[Stored items from a collection]
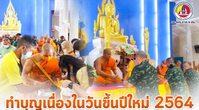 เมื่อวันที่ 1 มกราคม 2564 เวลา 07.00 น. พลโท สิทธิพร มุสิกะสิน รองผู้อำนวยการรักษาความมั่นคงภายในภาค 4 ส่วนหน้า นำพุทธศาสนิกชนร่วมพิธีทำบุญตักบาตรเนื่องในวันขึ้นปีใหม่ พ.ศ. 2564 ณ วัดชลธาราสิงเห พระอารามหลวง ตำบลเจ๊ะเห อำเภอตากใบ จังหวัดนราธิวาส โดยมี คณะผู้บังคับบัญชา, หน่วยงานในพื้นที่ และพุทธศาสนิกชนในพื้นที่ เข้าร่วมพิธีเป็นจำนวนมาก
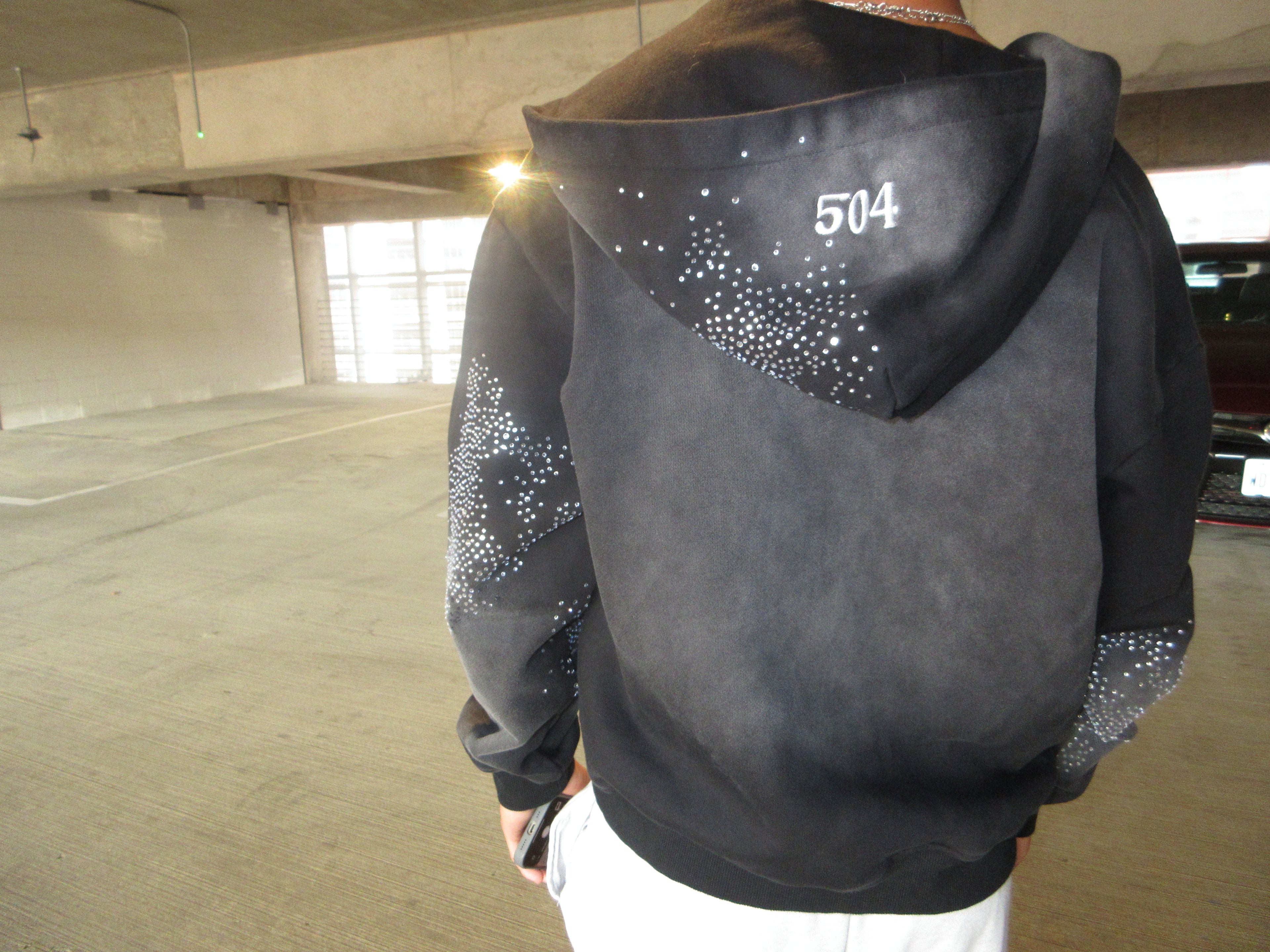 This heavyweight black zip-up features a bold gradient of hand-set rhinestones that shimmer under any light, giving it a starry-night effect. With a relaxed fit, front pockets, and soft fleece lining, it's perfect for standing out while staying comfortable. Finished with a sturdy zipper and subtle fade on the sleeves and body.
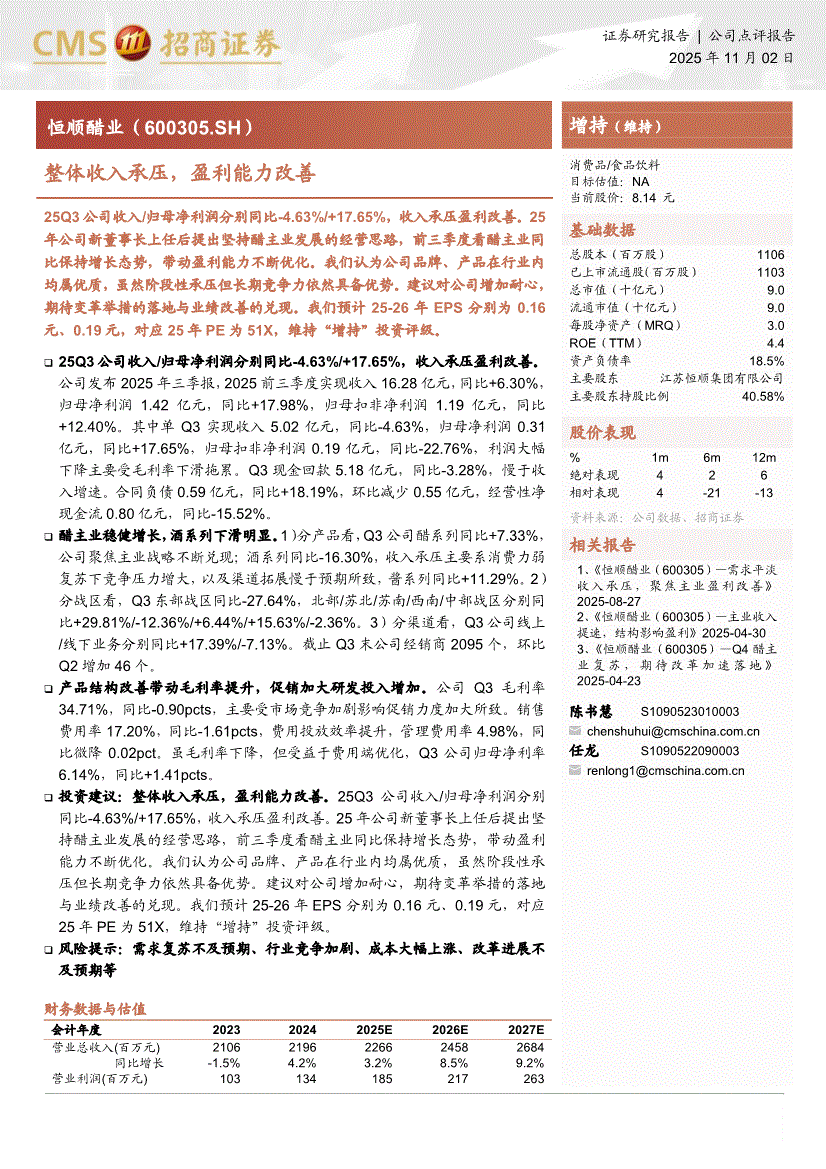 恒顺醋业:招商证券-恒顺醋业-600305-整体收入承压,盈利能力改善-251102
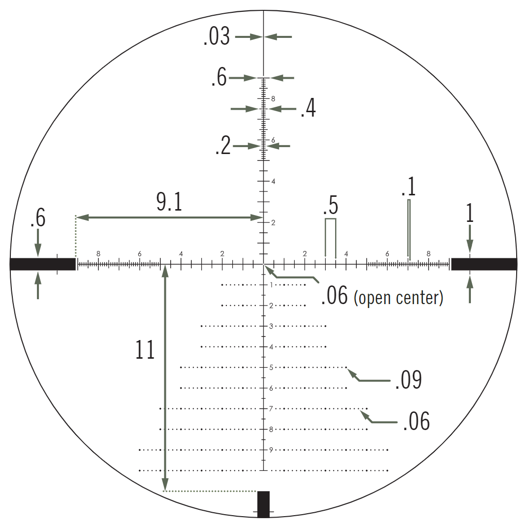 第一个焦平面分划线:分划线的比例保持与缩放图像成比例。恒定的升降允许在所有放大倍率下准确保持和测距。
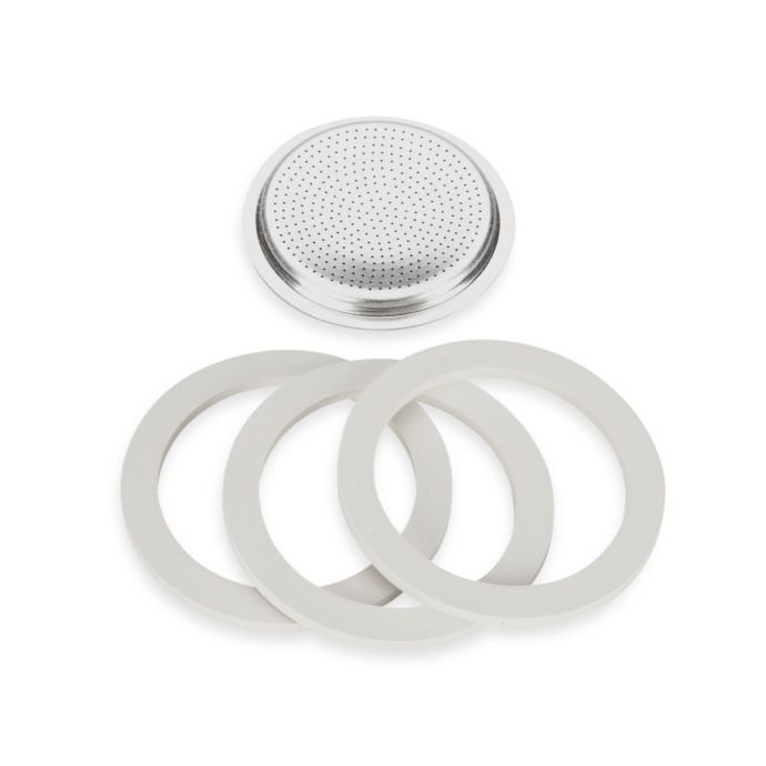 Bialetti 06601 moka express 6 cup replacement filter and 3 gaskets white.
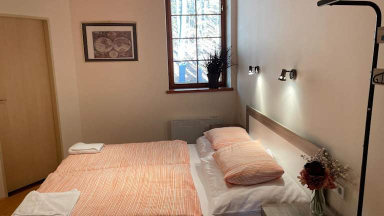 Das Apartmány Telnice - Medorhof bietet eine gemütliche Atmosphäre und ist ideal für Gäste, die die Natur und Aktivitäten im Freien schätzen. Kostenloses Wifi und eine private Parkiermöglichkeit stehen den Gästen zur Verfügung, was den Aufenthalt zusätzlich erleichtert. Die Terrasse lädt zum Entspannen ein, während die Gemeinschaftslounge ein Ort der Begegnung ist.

▶ Work task: An exact copy of the records above is wanted, with the pictures omitted.

▶ Output of the exercise:
 เมื่อวันที่ 1 มกราคม 2564 เวลา 07.00 น. พลโท สิทธิพร มุสิกะสิน รองผู้อำนวยการรักษาความมั่นคงภายในภาค 4 ส่วนหน้า นำพุทธศาสนิกชนร่วมพิธีทำบุญตักบาตรเนื่องในวันขึ้นปีใหม่ พ.ศ. 2564 ณ วัดชลธาราสิงเห พระอารามหลวง ตำบลเจ๊ะเห อำเภอตากใบ จังหวัดนราธิวาส โดยมี คณะผู้บังคับบัญชา, หน่วยงานในพื้นที่ และพุทธศาสนิกชนในพื้นที่ เข้าร่วมพิธีเป็นจำนวนมาก
 This heavyweight black zip-up features a bold gradient of hand-set rhinestones that shimmer under any light, giving it a starry-night effect. With a relaxed fit, front pockets, and soft fleece lining, it's perfect for standing out while staying comfortable. Finished with a sturdy zipper and subtle fade on the sleeves and body.
 恒顺醋业:招商证券-恒顺醋业-600305-整体收入承压,盈利能力改善-251102
 第一个焦平面分划线:分划线的比例保持与缩放图像成比例。恒定的升降允许在所有放大倍率下准确保持和测距。
 Bialetti 06601 moka express 6 cup replacement filter and 3 gaskets white.
 Das Apartmány Telnice - Medorhof bietet eine gemütliche Atmosphäre und ist ideal für Gäste, die die Natur und Aktivitäten im Freien schätzen. Kostenloses Wifi und eine private Parkiermöglichkeit stehen den Gästen zur Verfügung, was den Aufenthalt zusätzlich erleichtert. Die Terrasse lädt zum Entspannen ein, während die Gemeinschaftslounge ein Ort der Begegnung ist.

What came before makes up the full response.